Let's consider the process of flame propagation in a pipe (Fig. 20).
Rice. 20. Scheme of the occurrence of explosive combustion.
At first, at the open end of the pipe, the flame spreads at normal speed, because combustion products expand freely and come out. The pressure of the mixture does not change. The duration of uniform flame propagation depends on the diameter of the pipe, the type of fuel and its concentration.
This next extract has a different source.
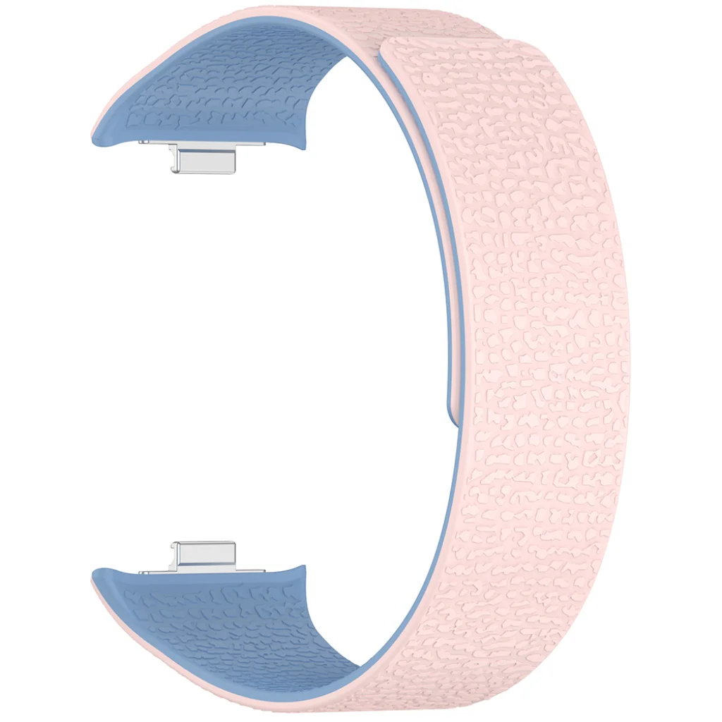 A tartós és rugalmas szilikon anyag kényelmes viseletet biztosít egész nap, még intenzív edzések vagy hosszú távú használat során is. Izzadság- és vízálló tulajdonságainak köszönhetően ideális választás sportoláshoz, mindennapi használatra, és még úszáshoz is. Az egyedi kéttónusú design – kívül elegáns rózsaszín, belül frissítő kék – modern és dinamikus megjelenést kölcsönöz órádnak. A finoman texturált felület nemcsak esztétikus, hanem kellemes tapintású is.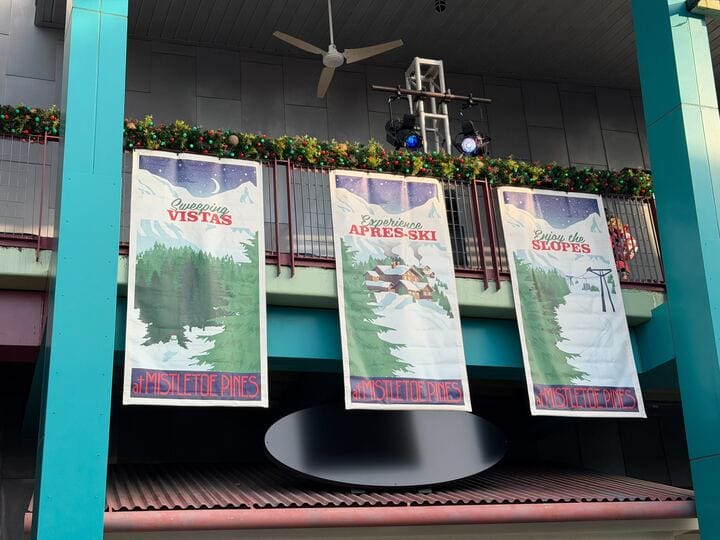 It’s adorned with garland and Mistletoe Pines travel posters.

As the flame front moves inside the pipe, the reaction products, having a larger volume compared to the initial mixture, do not have time to escape outside and their pressure increases. This pressure begins to push in all directions, and therefore, ahead of the flame front, the initial mixture begins to move towards the spread of the flame. The layers adjacent to the walls are inhibited. The flame has the highest speed in the center of the pipe, and the slowest speed is near the walls (due to heat removal in them). Therefore, the flame front extends in the direction of flame propagation, and its surface increases. In proportion to this, the amount of combustible mixture per unit time increases, which entails an increase in pressure, and this, in turn, increases the speed of gas movement, etc. Thus, there is an avalanche-like increase in the speed of flame propagation to hundreds of meters per second.
The process of flame propagation through a combustible gas mixture, in which the self-accelerating combustion reaction spreads due to heating by thermal conduction from the adjacent layer of reaction products, is called deflagration. Typically, deflagration combustion rates are subsonic, i.e. less than 333 m/s.
4.6. Detonation combustion.
If we consider the combustion of a combustible mixture layer by layer, then as a result of thermal expansion of the volume of combustion products, each time a compression wave appears ahead of the flame front. Each subsequent wave, moving through a denser medium, catches up with the previous one and is superimposed on it. Gradually these waves combine into one shock wave (Fig. 21).
Rice. 21. Scheme of formation of a detonation wave: R o< Р 1 < Р 2 < Р 3 < Р 4 < Р 5 < Р 6 < Р 7 ; 1-7 – нарастание давления в слоях с 1-го по 7-ой.
In a shock wave, as a result of adiabatic compression, the density of gases instantly increases and the temperature rises to T 0 for self-ignition. As a result, the combustible mixture is ignited by a shock wave and detonation– propagation of combustion by ignition by a shock wave. The detonation wave does not go out, because fueled by shock waves from the flame moving behind it.
The peculiarity of detonation is that it occurs at a supersonic speed of 1000-9000 m/s, determined for each mixture composition, and therefore is a physical constant of the mixture. It depends only on the caloric content of the combustible mixture and the heat capacity of the combustion products.
The meeting of a shock wave with an obstacle leads to the formation of a reflected shock wave and even greater pressure.
Detonation is the most dangerous look flame spread, because has maximum explosion power (N=A/t) and enormous speed. In practice, detonation can be “neutralized” only in the pre-detonation section, i.e. at a distance from the ignition point to the point of detonation combustion. For gases, the length of this section is from 1 to 10 m.